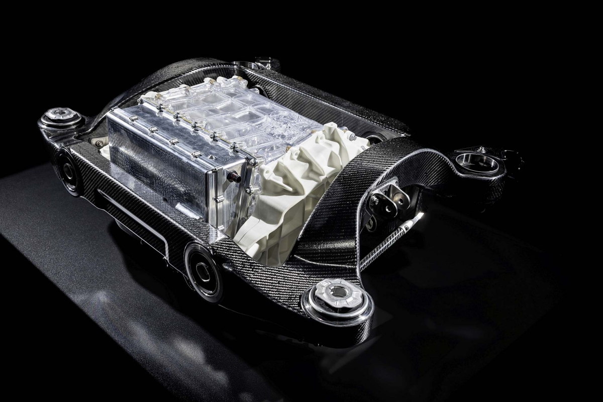 A bateria de tração usada neste Vision EQXX tem uma capacidade próxima dos 100 kWh, mas com um volume reduzido em 50% e um peso inferior em 30% em relação à da berlina de luxo que se encontra à venda no mercado – o seu peso é de apenas 495 kg.
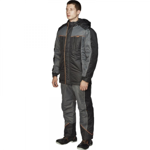 Куртка рабочая зимняя мужская Nайтстар Алькор со светоотражающим кантом черная/серая (размер 44-46, рост 170-176). Рекомендуется для использования в инженерно-технических работах, в пищевой, нефтегазовой промышленности, сельском хозяйстве, логистике, легкой промышленности, строительстве, ЖКХ, ИТР. Изготовлена из мембранной ткани Lokker с водоотталкиванием. Плотность ткани: 160 г/кв.м. Состав ткани: 100% полиэфир. Паронепроницаемость: 5000. Утеплитель: 'слайтекс' плотностью - 360 г/кв.м (основа) 3 слоя по 120 г/кв.м и 240 г/кв.м (руки) 2 слоя по 120 г/кв.м. Защитные свойства: -Защищает от общих производственных загрязнений. -Защищает от пониженных температур. 2 класс защиты, III климатический пояс. Комфортный крой не стесняет движения. Сигнальные и светоотражающие канты и пуллеры. 5 карманов, в том числе 2 влагозащитных. Регулируемые манжеты. Капюшон отстегивающийся, регулируемый. Соответствует ГОСТ 12.4.303-2016, ТР ТС 019/2011. В комплект можно подобрать брюки или полукомбинезон из коллекции Nайтстар Алькор.
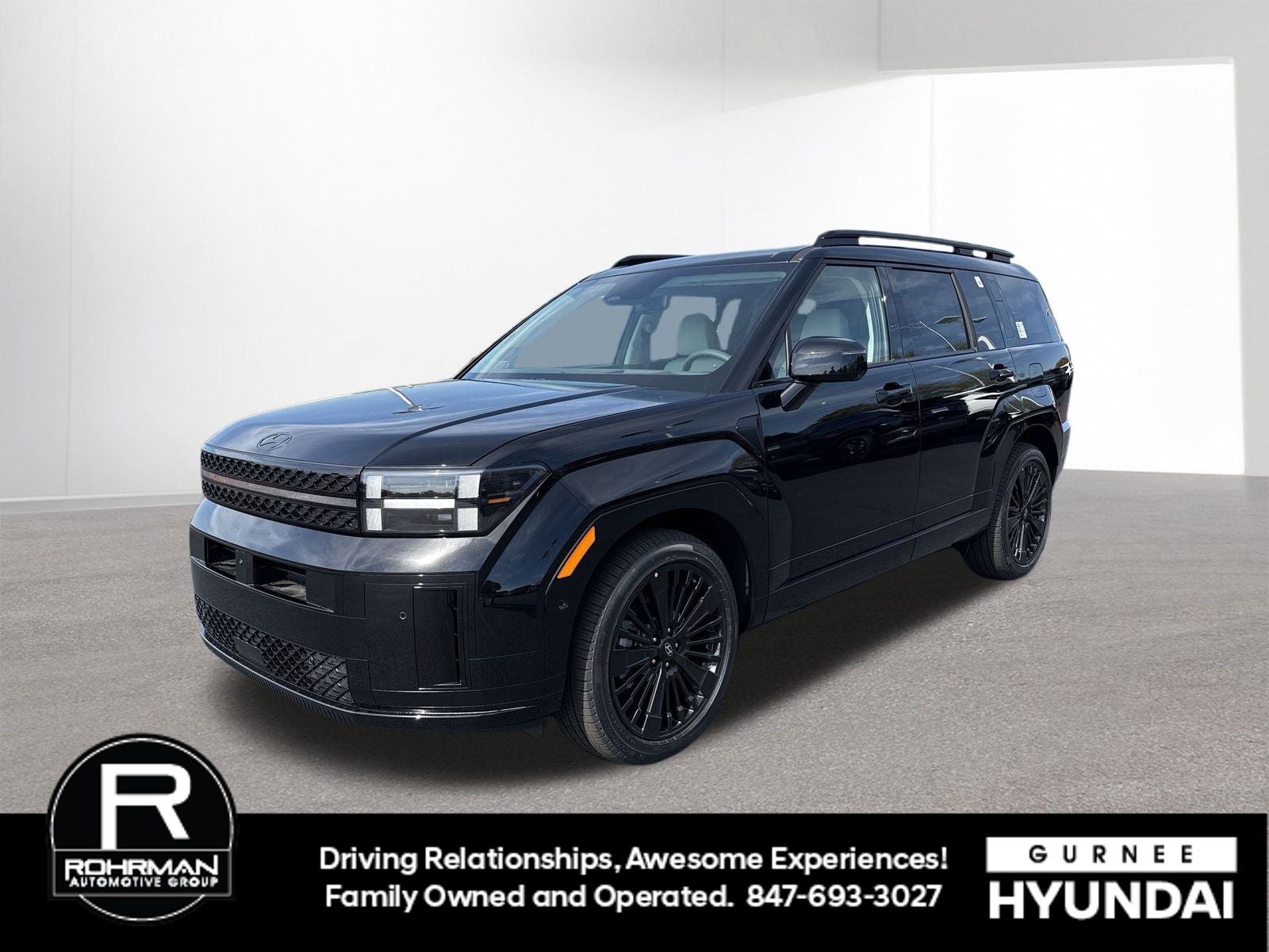 **ALL WHEEL DRIVE**, **SUNROOF/MOONROOF**, **NAVIGATION**, **LEATHER SEATS**, **3RD ROW SEATS**, **PUSH BUTTON START**, **KEYLESS ENTRY**, **BACKUP CAMERA**, **Bluetooth®**, **HEATED STEERING WHEEL**, **RAIN SENSING WIPERS!**, **POWER LIFTGATE**, **REMOTE START**, **BLIND SPOT MONITOR**, **APPLE CARPLAY/ANDROID AUTO**, **ADAPTIVE CRUISE CONTROL**, PORTABLE AUDIO CONNECTION/MP3, **BOSE PREMIUM AUDIO**, Carpeted Floor Mats, Navigation System, Option Group 01. $2,686 off MSRP! With options like Option Group 01, Carpeted Floor Mats, Navigation System, 12 Speakers, 3rd row seats: bench, 4-Wheel Disc Brakes, ABS brakes, Air Conditioning, All Season Fitted Liners, Alloy wheels, AM/FM radio: SiriusXM, Apple CarPlay & Android Auto, Auto High-beam Headlights, Auto-dimming Rear-View mirror, Automatic temperature control, Brake assist, Bumpers: body-color, Cargo Cover/Screen, Cargo Net, Cargo Tray, Delay-off headlights, Driver door bin, Driver vanity mirror, Dual front impact airbags, Dual front side impact airbags, Electronic Stability Control, Emergency communication system, Exterior Parking Camera Rear, First Aid Kit, Four wheel independent suspension, Front anti-roll bar, Front Bucket Seats, Front Center Armrest, Front dual zone A/C, Front reading lights, Fully automatic headlights, Garage door transmitter: HomeLink, Heads-Up Display, Heated door mirrors, Heated front seats, Heated rear seats, Heated steering wheel, Illuminated entry, Knee airbag, Leather steering wheel, Low tire pressure warning, Memory seat, Occupant sensing airbag, Outside temperature display, Overhead airbag, Overhead console, Panic alarm, Passenger door bin, Passenger vanity mirror, Power door mirrors, Power driver seat, Power Liftgate, Power moonroof, Power passenger seat, Power steering, Power windows, Quilted Premium Nappa Leather Seat Trim, Radio: AM/FM/HD Bose Premium Audio System, Rain sensing wipers, Rear anti-roll bar, Rear side impact airbag, Rear window defroster, Rear window wiper, Remote keyless entry, Roof Rack Crossbars, Security system, Severe Weather Kit, Speed control, Speed-sensing steering, Split folding rear seat, Spoiler, Steering wheel mounted audio controls, Tachometer, Telescoping steering wheel, Tilt steering wheel, Traction control, Trip computer, Turn signal indicator mirrors, Variably intermittent wipers, Ventilated front seats, and Wheels: 20 x 8.5J Unique Dark Finish Alloy. Phantom Black 2026 Hyundai Santa Fe Hybrid Calligraphy AWD 6-Speed Automatic with Shiftronic I4

━━━━━━━━━━━━━━━━

> **TASK OBJECTIVE**
Return every line of the listing exactly, leaving its pictures behind.

> **EXERCISE OUTPUT**
 A bateria de tração usada neste Vision EQXX tem uma capacidade próxima dos 100 kWh, mas com um volume reduzido em 50% e um peso inferior em 30% em relação à da berlina de luxo que se encontra à venda no mercado – o seu peso é de apenas 495 kg.
 Куртка рабочая зимняя мужская Nайтстар Алькор со светоотражающим кантом черная/серая (размер 44-46, рост 170-176). Рекомендуется для использования в инженерно-технических работах, в пищевой, нефтегазовой промышленности, сельском хозяйстве, логистике, легкой промышленности, строительстве, ЖКХ, ИТР. Изготовлена из мембранной ткани Lokker с водоотталкиванием. Плотность ткани: 160 г/кв.м. Состав ткани: 100% полиэфир. Паронепроницаемость: 5000. Утеплитель: 'слайтекс' плотностью - 360 г/кв.м (основа) 3 слоя по 120 г/кв.м и 240 г/кв.м (руки) 2 слоя по 120 г/кв.м. Защитные свойства: -Защищает от общих производственных загрязнений. -Защищает от пониженных температур. 2 класс защиты, III климатический пояс. Комфортный крой не стесняет движения. Сигнальные и светоотражающие канты и пуллеры. 5 карманов, в том числе 2 влагозащитных. Регулируемые манжеты. Капюшон отстегивающийся, регулируемый. Соответствует ГОСТ 12.4.303-2016, ТР ТС 019/2011. В комплект можно подобрать брюки или полукомбинезон из коллекции Nайтстар Алькор.
 **ALL WHEEL DRIVE**, **SUNROOF/MOONROOF**, **NAVIGATION**, **LEATHER SEATS**, **3RD ROW SEATS**, **PUSH BUTTON START**, **KEYLESS ENTRY**, **BACKUP CAMERA**, **Bluetooth®**, **HEATED STEERING WHEEL**, **RAIN SENSING WIPERS!**, **POWER LIFTGATE**, **REMOTE START**, **BLIND SPOT MONITOR**, **APPLE CARPLAY/ANDROID AUTO**, **ADAPTIVE CRUISE CONTROL**, PORTABLE AUDIO CONNECTION/MP3, **BOSE PREMIUM AUDIO**, Carpeted Floor Mats, Navigation System, Option Group 01. $2,686 off MSRP! With options like Option Group 01, Carpeted Floor Mats, Navigation System, 12 Speakers, 3rd row seats: bench, 4-Wheel Disc Brakes, ABS brakes, Air Conditioning, All Season Fitted Liners, Alloy wheels, AM/FM radio: SiriusXM, Apple CarPlay & Android Auto, Auto High-beam Headlights, Auto-dimming Rear-View mirror, Automatic temperature control, Brake assist, Bumpers: body-color, Cargo Cover/Screen, Cargo Net, Cargo Tray, Delay-off headlights, Driver door bin, Driver vanity mirror, Dual front impact airbags, Dual front side impact airbags, Electronic Stability Control, Emergency communication system, Exterior Parking Camera Rear, First Aid Kit, Four wheel independent suspension, Front anti-roll bar, Front Bucket Seats, Front Center Armrest, Front dual zone A/C, Front reading lights, Fully automatic headlights, Garage door transmitter: HomeLink, Heads-Up Display, Heated door mirrors, Heated front seats, Heated rear seats, Heated steering wheel, Illuminated entry, Knee airbag, Leather steering wheel, Low tire pressure warning, Memory seat, Occupant sensing airbag, Outside temperature display, Overhead airbag, Overhead console, Panic alarm, Passenger door bin, Passenger vanity mirror, Power door mirrors, Power driver seat, Power Liftgate, Power moonroof, Power passenger seat, Power steering, Power windows, Quilted Premium Nappa Leather Seat Trim, Radio: AM/FM/HD Bose Premium Audio System, Rain sensing wipers, Rear anti-roll bar, Rear side impact airbag, Rear window defroster, Rear window wiper, Remote keyless entry, Roof Rack Crossbars, Security system, Severe Weather Kit, Speed control, Speed-sensing steering, Split folding rear seat, Spoiler, Steering wheel mounted audio controls, Tachometer, Telescoping steering wheel, Tilt steering wheel, Traction control, Trip computer, Turn signal indicator mirrors, Variably intermittent wipers, Ventilated front seats, and Wheels: 20 x 8.5J Unique Dark Finish Alloy. Phantom Black 2026 Hyundai Santa Fe Hybrid Calligraphy AWD 6-Speed Automatic with Shiftronic I4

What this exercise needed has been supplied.